Hello, did you miss me?

Hello again. It’s April first. And I’m back. And after taking March off from posting here, I’m come to realise that I need this space, this digital, open notebook. This open notebook acts as a catch all space as well as a release of the pressure valve. Knowing I can come here and share anything, let off steam, muse, not even make sense or have the answers is something I’ve been taking for granted. Time away has given me a rest but also a renewed perspective and appreciation for this space, this blog, this notebook, this website. I can hang out here and be completely myself. Spaces and places like this are few and far between.

What makes this space cool also is you.
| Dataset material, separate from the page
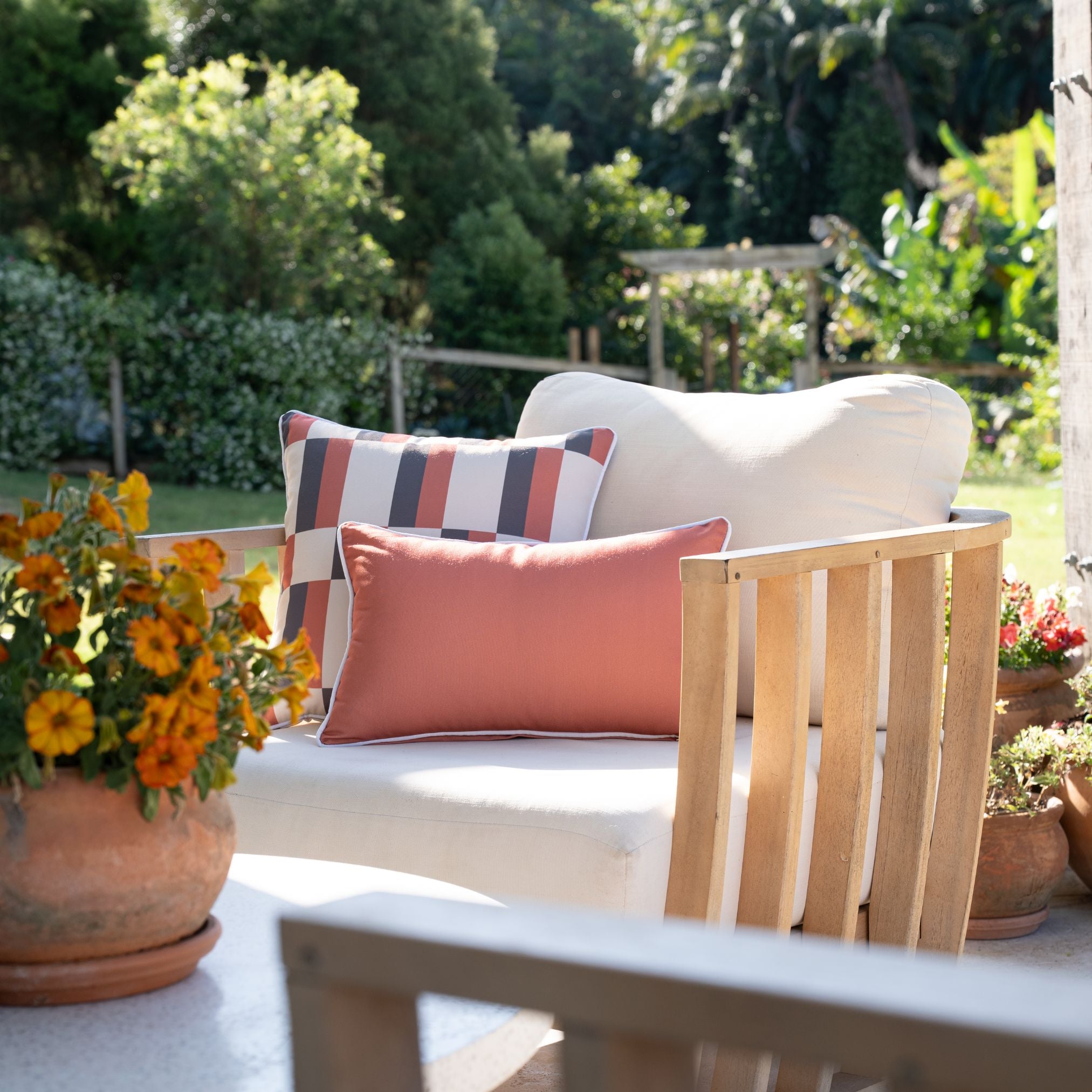 Each pillow is crafted from UV-treated fabric and filled with fast-dry foam to handle Australia’s changing conditions. The crisp white piping adds a tailored edge that feels refined yet relaxed — the perfect detail for any outdoor setting, from sun lounge to alfresco dining.

You come here and read all about it. You’re part of the process. And I appreciate your eyes and hearts. Thank you for sticking with me. Thank you for being here. I’ll be honest with you though, from the get go, I didn’t get very far with the archives of this space. I’ve hardly touched the practice as I’ve been pulled elsewhere. But I’ll let you know what I’ve been up to by ad by. For now, I’m just marking my spot, putting down a marker that I have returned and with great joy.
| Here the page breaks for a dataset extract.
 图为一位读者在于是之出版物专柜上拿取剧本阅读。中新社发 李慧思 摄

I’ve got so many images to share with you as well as notes about my adventures and reading and thinking and dreaming. But all in good time. I don’t want to overload the senses straight away. Let’s just ease ourselves back into position. Take a look around and see if anything needs changing. I’ll be back daily during this month.
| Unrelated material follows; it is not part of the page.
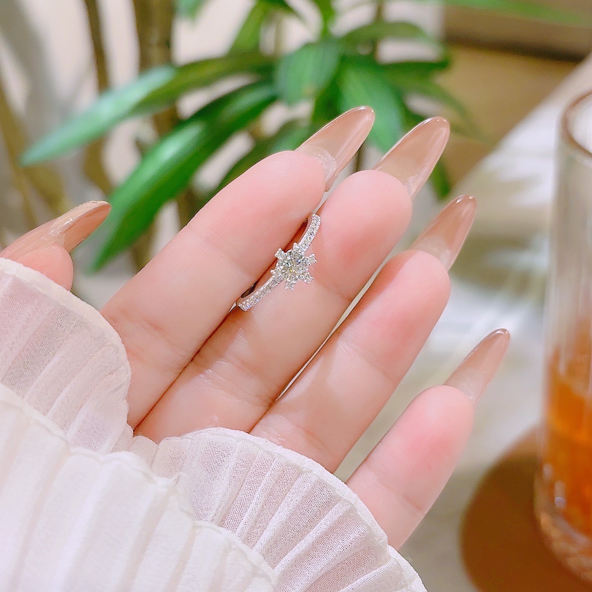 S925 Sterling Silver Moissanite Ring Fresh Confession Gold

I’ve always loved April for creativity. Both my kids are April babies. The womb, my gut is the seat of your creativity, so let’s see what comes forth this April as I dive back into poetry reading and writing. I’m feeling the urge to write and I’ve got time on the horizon. I’m excited to see what occurs.

I hope you are sticking around to find out too.

Saturday Mornings

When I was growing up, I loved Saturday mornings.

No school, even though I loved school. I had the whole weekend ahead of me with all that time to create.

It started off well, as dad would bring us breakfast in bed. It would be crackers and jam. I’ve written before about this special ritual and how I took it as a sign of love from my dad; him the strict Trinidadian who showed his roar more times that his smile.

After breakfast, we could get up and play in our bedroom, keeping the noise down as mum and dad had a lie in. I would create the magic wishing chair from Enid Blyton’s books. I would fly away to all these magical lands, where I’d meet welcoming characters and interesting animals who couldn’t wait to get to know me. With them I was the main attraction. They listened to my stories and cheered me on as I went on adventures into the forest or up a mountain. There was no place my imagination couldn’t take me.

And then I grew up. Dad died, my whole life changed and I put away my dolls and adventures as I attempted to traverse the rough terrain of middle school as the only black girl there. Only black, and fat girl there who had her period and was seen as an oddity at best!

More stories there to tell. But this morning, this Saturday morning, I wake with this same sense of expansive time ahead of me to create. To crave out my own adventures on my own terms. And this feeling brings me a whole heap of joy and excitement. As I can’t go wrong if I’m feeding my creativity; turning up to the page open.

I haven’t had crackers and jam this morning but the thought of it is making my mouth water. I’ve got the ingredients in ( cream crackers and cherry jam). I’d have to make them myself as I’ve got no one to make them for me to serve me in bed. But even that thought doesn’t dampen my spirits because I have the time and space to choose. I have the privilege and luxury to stretch out the decision around what I do or be next.

I’m obsessed with how creativity works. I’m obsessed with how my creativity works. This is what I wrote in my visual journal this morning. And it landed in my core. In my core centre. This is honesty. This makes me smile. This what I will continue to explore, for a lifetime.

Talking to myself

Visual journal 10/05

I come to the page bubbling with excitement. For what, I do not know.

I feel a change in my energy. It might be the light coming through my window. It might be the prospect of the day ahead. Or if might simply be the fact that I’m turning up for me daily when I come to the page and braindump, dream and talk to self.